The problem. Please restate all of the records word for word, setting the pictures aside.

____ Material provided

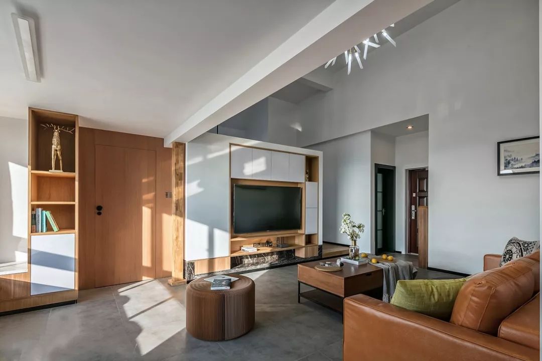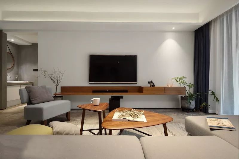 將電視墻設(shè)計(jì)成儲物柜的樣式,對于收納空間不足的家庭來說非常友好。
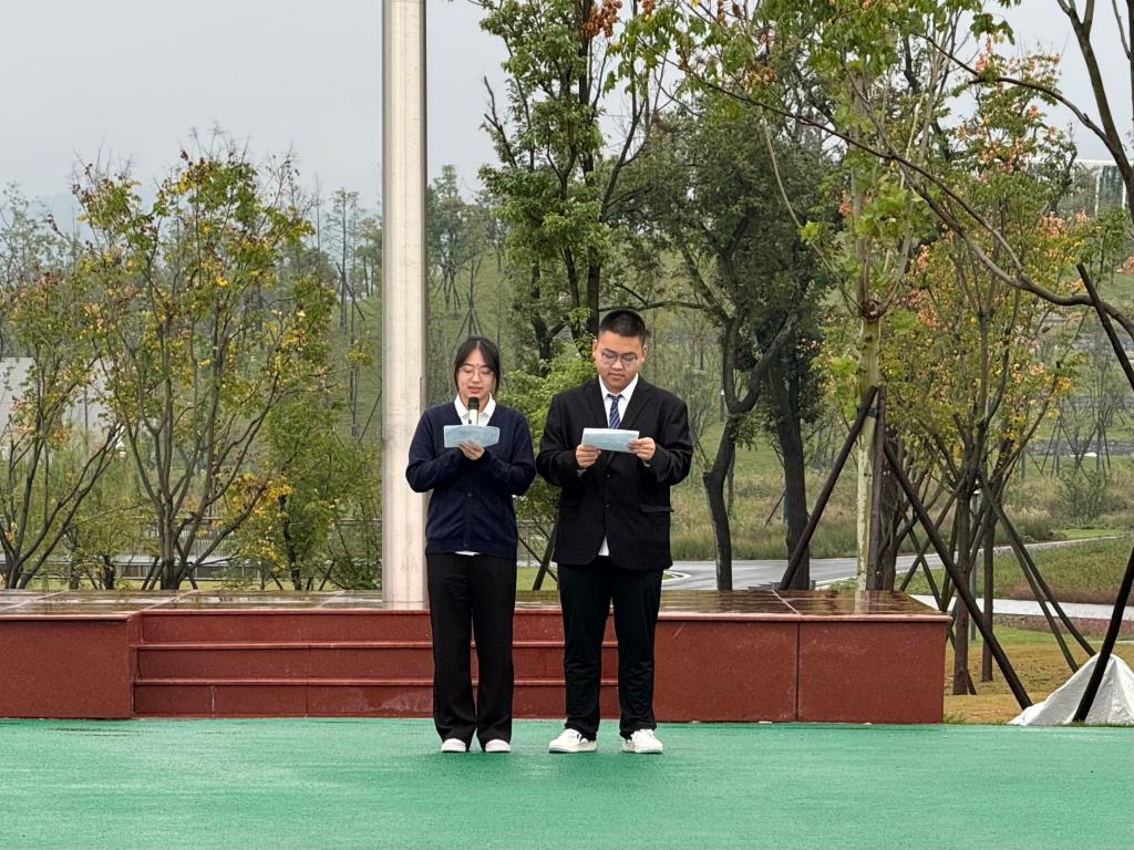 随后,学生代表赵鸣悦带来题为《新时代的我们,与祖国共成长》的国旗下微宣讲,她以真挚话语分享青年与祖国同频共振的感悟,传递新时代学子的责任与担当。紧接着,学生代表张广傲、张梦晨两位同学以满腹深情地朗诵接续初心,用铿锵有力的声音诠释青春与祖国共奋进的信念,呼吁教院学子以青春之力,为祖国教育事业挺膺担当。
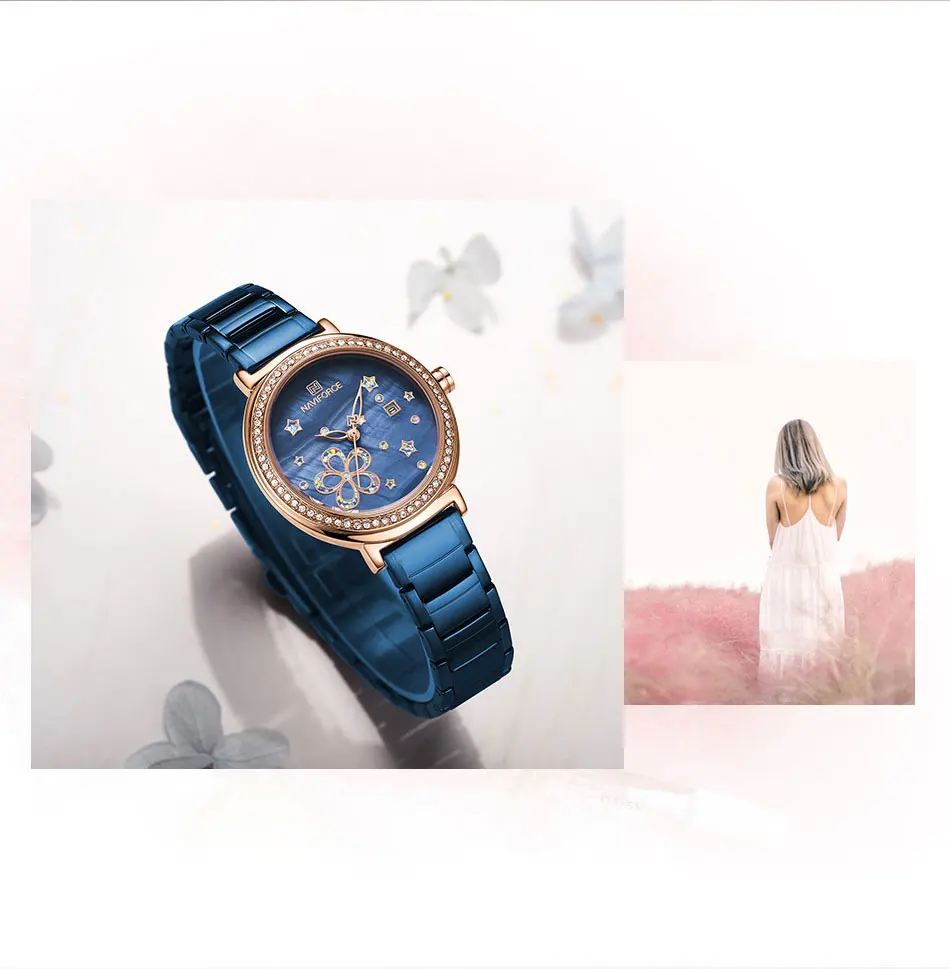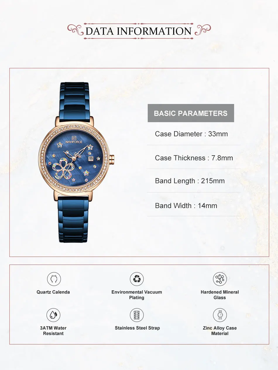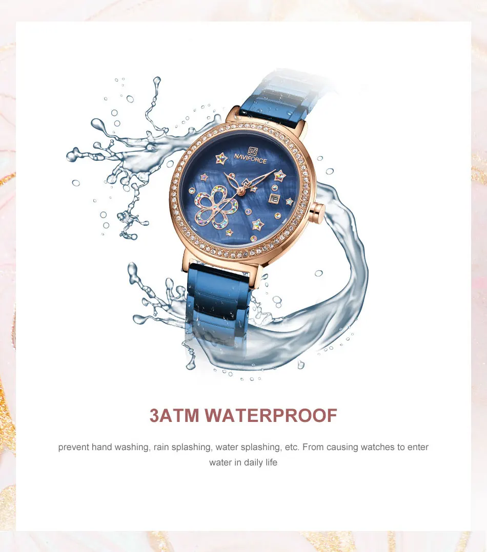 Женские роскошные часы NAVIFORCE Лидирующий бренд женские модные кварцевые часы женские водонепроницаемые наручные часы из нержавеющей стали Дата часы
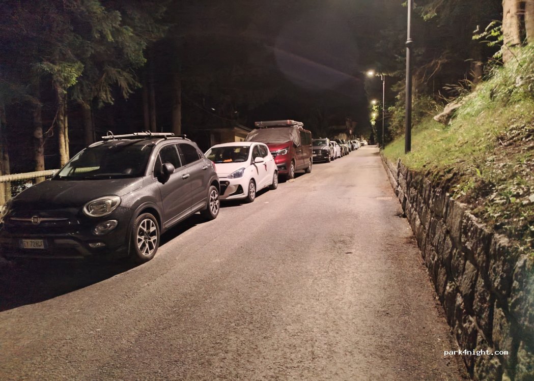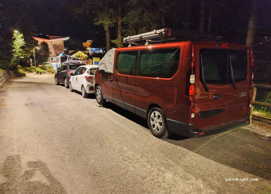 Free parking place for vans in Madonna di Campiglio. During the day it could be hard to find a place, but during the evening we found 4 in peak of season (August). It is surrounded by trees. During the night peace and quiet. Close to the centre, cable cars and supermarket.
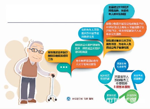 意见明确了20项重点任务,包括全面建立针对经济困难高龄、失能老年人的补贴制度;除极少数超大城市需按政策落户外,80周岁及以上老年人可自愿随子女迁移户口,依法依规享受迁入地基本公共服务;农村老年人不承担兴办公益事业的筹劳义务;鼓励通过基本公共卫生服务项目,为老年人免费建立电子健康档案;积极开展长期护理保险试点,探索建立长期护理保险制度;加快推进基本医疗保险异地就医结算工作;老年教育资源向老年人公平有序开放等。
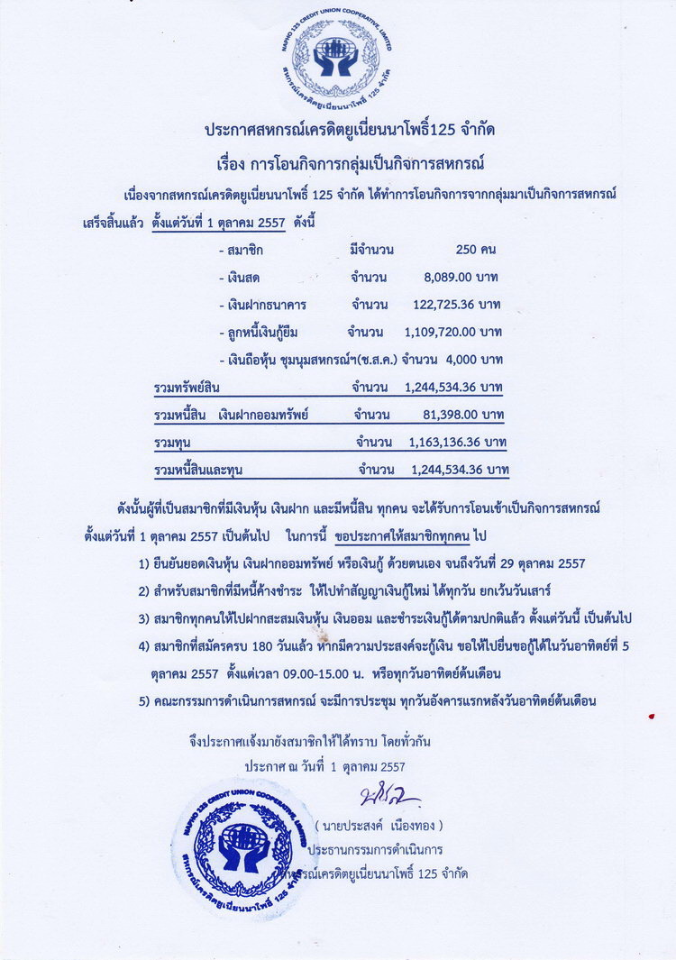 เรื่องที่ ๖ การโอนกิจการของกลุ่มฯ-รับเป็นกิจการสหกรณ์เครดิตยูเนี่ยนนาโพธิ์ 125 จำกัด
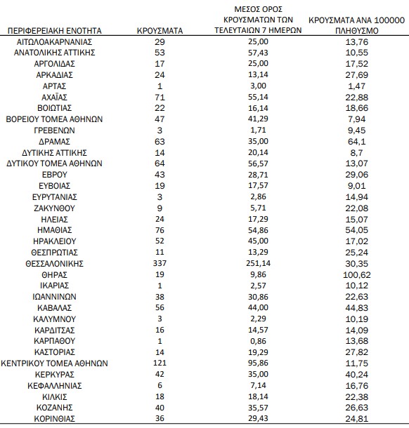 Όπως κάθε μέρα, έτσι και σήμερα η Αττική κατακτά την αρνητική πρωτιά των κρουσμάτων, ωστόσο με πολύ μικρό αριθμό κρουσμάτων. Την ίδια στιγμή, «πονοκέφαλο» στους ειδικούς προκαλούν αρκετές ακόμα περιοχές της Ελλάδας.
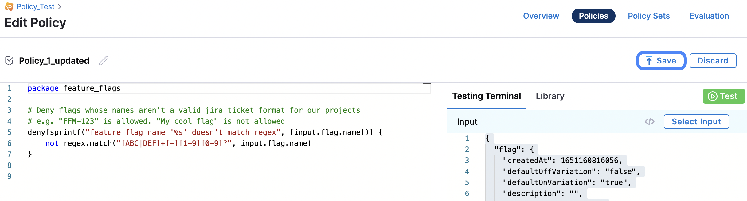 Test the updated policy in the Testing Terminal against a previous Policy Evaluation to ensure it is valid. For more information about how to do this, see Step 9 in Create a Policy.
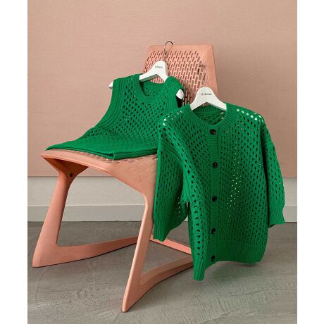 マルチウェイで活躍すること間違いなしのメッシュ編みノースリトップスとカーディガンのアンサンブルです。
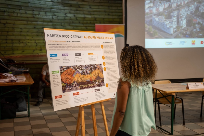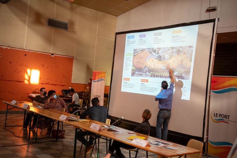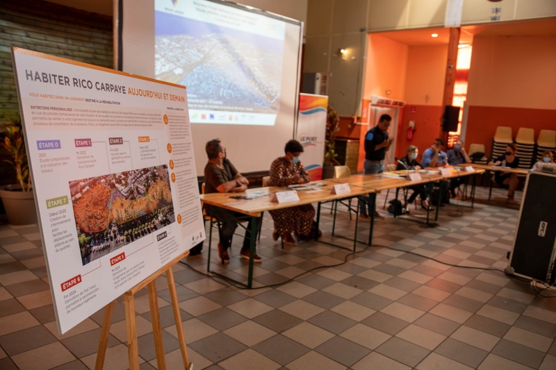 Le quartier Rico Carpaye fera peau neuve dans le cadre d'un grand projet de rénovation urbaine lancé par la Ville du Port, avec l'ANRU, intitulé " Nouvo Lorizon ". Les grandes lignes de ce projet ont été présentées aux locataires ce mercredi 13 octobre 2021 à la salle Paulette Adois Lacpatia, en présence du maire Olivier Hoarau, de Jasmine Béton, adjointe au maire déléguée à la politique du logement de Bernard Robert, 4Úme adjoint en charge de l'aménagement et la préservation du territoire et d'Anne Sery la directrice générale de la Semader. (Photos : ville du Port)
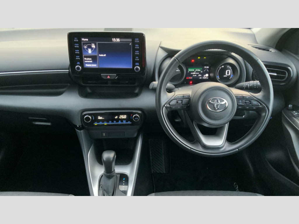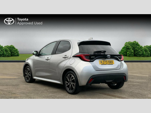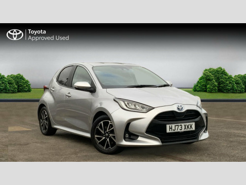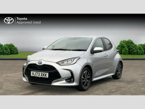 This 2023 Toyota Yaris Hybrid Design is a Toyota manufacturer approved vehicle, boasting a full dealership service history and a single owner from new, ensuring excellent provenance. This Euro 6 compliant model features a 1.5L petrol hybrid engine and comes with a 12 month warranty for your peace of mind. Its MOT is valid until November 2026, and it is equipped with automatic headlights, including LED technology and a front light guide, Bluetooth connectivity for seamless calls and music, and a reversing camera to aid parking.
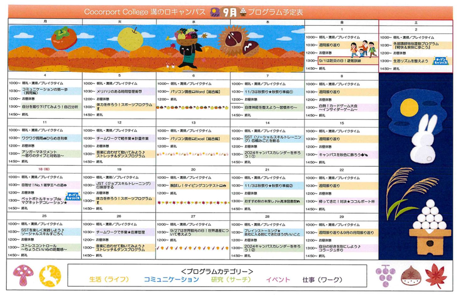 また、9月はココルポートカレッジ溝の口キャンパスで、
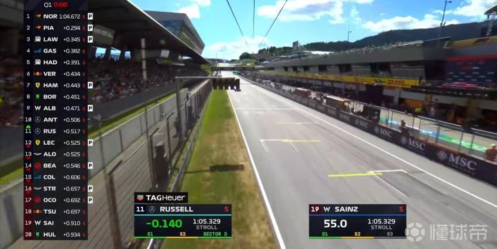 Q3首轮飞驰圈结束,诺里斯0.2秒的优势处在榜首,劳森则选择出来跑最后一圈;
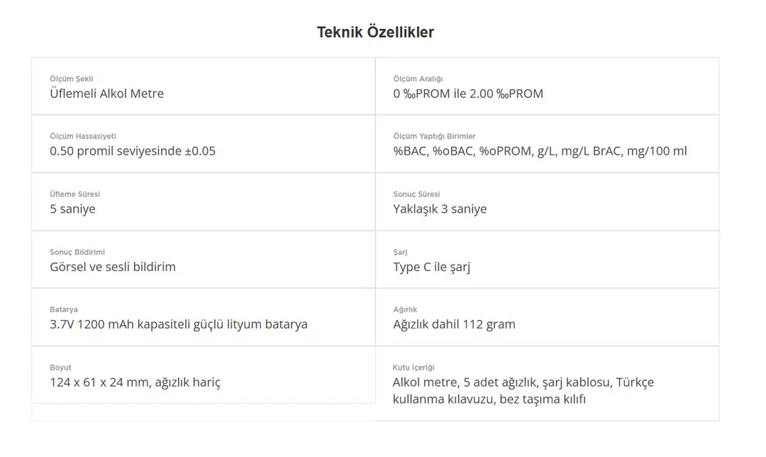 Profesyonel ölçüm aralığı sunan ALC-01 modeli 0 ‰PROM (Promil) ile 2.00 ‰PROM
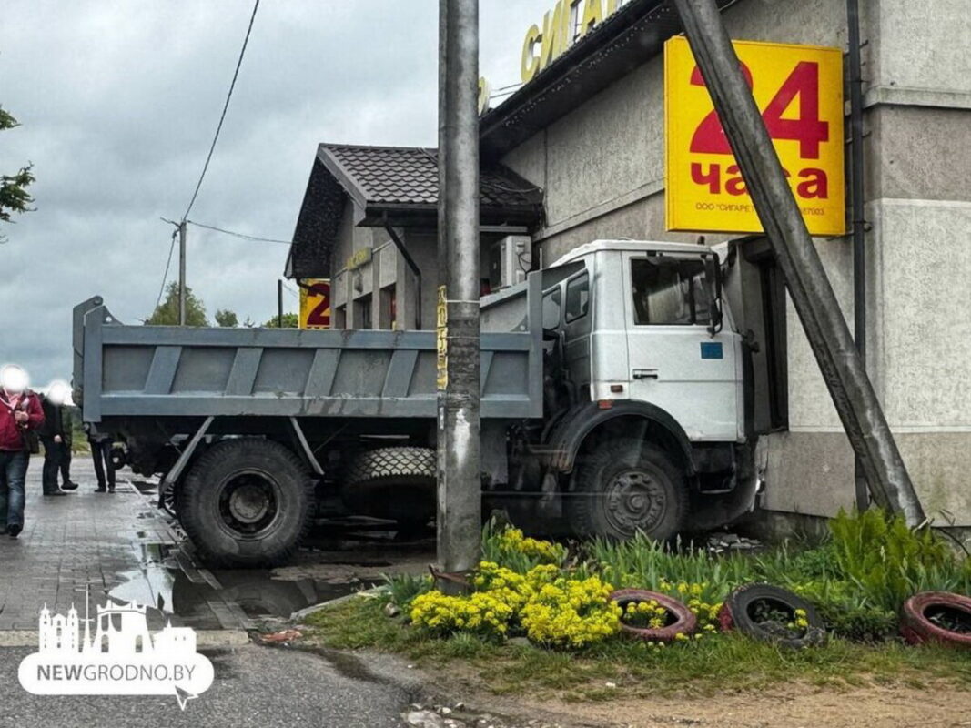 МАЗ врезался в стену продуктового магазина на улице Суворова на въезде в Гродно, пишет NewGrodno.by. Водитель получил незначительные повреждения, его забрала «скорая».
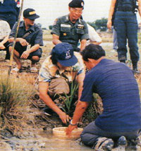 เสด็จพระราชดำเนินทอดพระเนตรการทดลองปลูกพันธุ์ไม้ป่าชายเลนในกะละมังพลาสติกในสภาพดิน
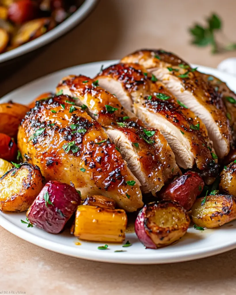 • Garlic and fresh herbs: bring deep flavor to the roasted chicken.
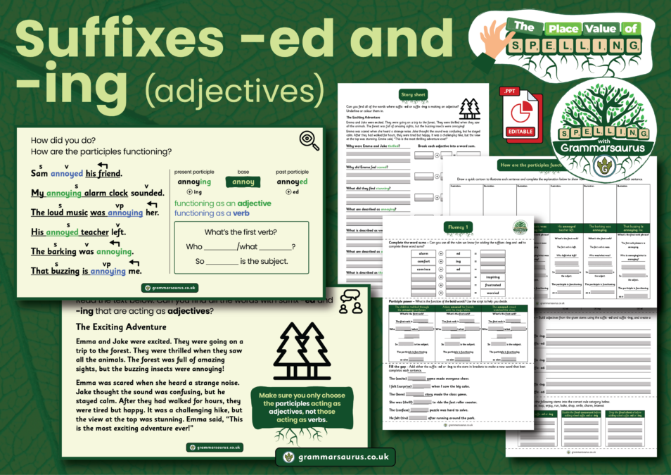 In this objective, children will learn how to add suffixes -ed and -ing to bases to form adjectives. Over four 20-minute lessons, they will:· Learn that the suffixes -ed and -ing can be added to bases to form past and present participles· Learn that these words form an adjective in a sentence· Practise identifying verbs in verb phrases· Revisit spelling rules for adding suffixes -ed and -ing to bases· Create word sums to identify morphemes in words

________

Expected answer.
 將電視墻設(shè)計(jì)成儲物柜的樣式,對于收納空間不足的家庭來說非常友好。
 随后,学生代表赵鸣悦带来题为《新时代的我们,与祖国共成长》的国旗下微宣讲,她以真挚话语分享青年与祖国同频共振的感悟,传递新时代学子的责任与担当。紧接着,学生代表张广傲、张梦晨两位同学以满腹深情地朗诵接续初心,用铿锵有力的声音诠释青春与祖国共奋进的信念,呼吁教院学子以青春之力,为祖国教育事业挺膺担当。
 Женские роскошные часы NAVIFORCE Лидирующий бренд женские модные кварцевые часы женские водонепроницаемые наручные часы из нержавеющей стали Дата часы
 Free parking place for vans in Madonna di Campiglio. During the day it could be hard to find a place, but during the evening we found 4 in peak of season (August). It is surrounded by trees. During the night peace and quiet. Close to the centre, cable cars and supermarket.
 意见明确了20项重点任务,包括全面建立针对经济困难高龄、失能老年人的补贴制度;除极少数超大城市需按政策落户外,80周岁及以上老年人可自愿随子女迁移户口,依法依规享受迁入地基本公共服务;农村老年人不承担兴办公益事业的筹劳义务;鼓励通过基本公共卫生服务项目,为老年人免费建立电子健康档案;积极开展长期护理保险试点,探索建立长期护理保险制度;加快推进基本医疗保险异地就医结算工作;老年教育资源向老年人公平有序开放等。
 เรื่องที่ ๖ การโอนกิจการของกลุ่มฯ-รับเป็นกิจการสหกรณ์เครดิตยูเนี่ยนนาโพธิ์ 125 จำกัด
 Όπως κάθε μέρα, έτσι και σήμερα η Αττική κατακτά την αρνητική πρωτιά των κρουσμάτων, ωστόσο με πολύ μικρό αριθμό κρουσμάτων. Την ίδια στιγμή, «πονοκέφαλο» στους ειδικούς προκαλούν αρκετές ακόμα περιοχές της Ελλάδας.
 Test the updated policy in the Testing Terminal against a previous Policy Evaluation to ensure it is valid. For more information about how to do this, see Step 9 in Create a Policy.
 マルチウェイで活躍すること間違いなしのメッシュ編みノースリトップスとカーディガンのアンサンブルです。
 Le quartier Rico Carpaye fera peau neuve dans le cadre d'un grand projet de rénovation urbaine lancé par la Ville du Port, avec l'ANRU, intitulé " Nouvo Lorizon ". Les grandes lignes de ce projet ont été présentées aux locataires ce mercredi 13 octobre 2021 à la salle Paulette Adois Lacpatia, en présence du maire Olivier Hoarau, de Jasmine Béton, adjointe au maire déléguée à la politique du logement de Bernard Robert, 4Úme adjoint en charge de l'aménagement et la préservation du territoire et d'Anne Sery la directrice générale de la Semader. (Photos : ville du Port)
 This 2023 Toyota Yaris Hybrid Design is a Toyota manufacturer approved vehicle, boasting a full dealership service history and a single owner from new, ensuring excellent provenance. This Euro 6 compliant model features a 1.5L petrol hybrid engine and comes with a 12 month warranty for your peace of mind. Its MOT is valid until November 2026, and it is equipped with automatic headlights, including LED technology and a front light guide, Bluetooth connectivity for seamless calls and music, and a reversing camera to aid parking.
 また、9月はココルポートカレッジ溝の口キャンパスで、
 Q3首轮飞驰圈结束,诺里斯0.2秒的优势处在榜首,劳森则选择出来跑最后一圈;
 Profesyonel ölçüm aralığı sunan ALC-01 modeli 0 ‰PROM (Promil) ile 2.00 ‰PROM
 МАЗ врезался в стену продуктового магазина на улице Суворова на въезде в Гродно, пишет NewGrodno.by. Водитель получил незначительные повреждения, его забрала «скорая».
 เสด็จพระราชดำเนินทอดพระเนตรการทดลองปลูกพันธุ์ไม้ป่าชายเลนในกะละมังพลาสติกในสภาพดิน
 • Garlic and fresh herbs: bring deep flavor to the roasted chicken.
 In this objective, children will learn how to add suffixes -ed and -ing to bases to form adjectives. Over four 20-minute lessons, they will:· Learn that the suffixes -ed and -ing can be added to bases to form past and present participles· Learn that these words form an adjective in a sentence· Practise identifying verbs in verb phrases· Revisit spelling rules for adding suffixes -ed and -ing to bases· Create word sums to identify morphemes in words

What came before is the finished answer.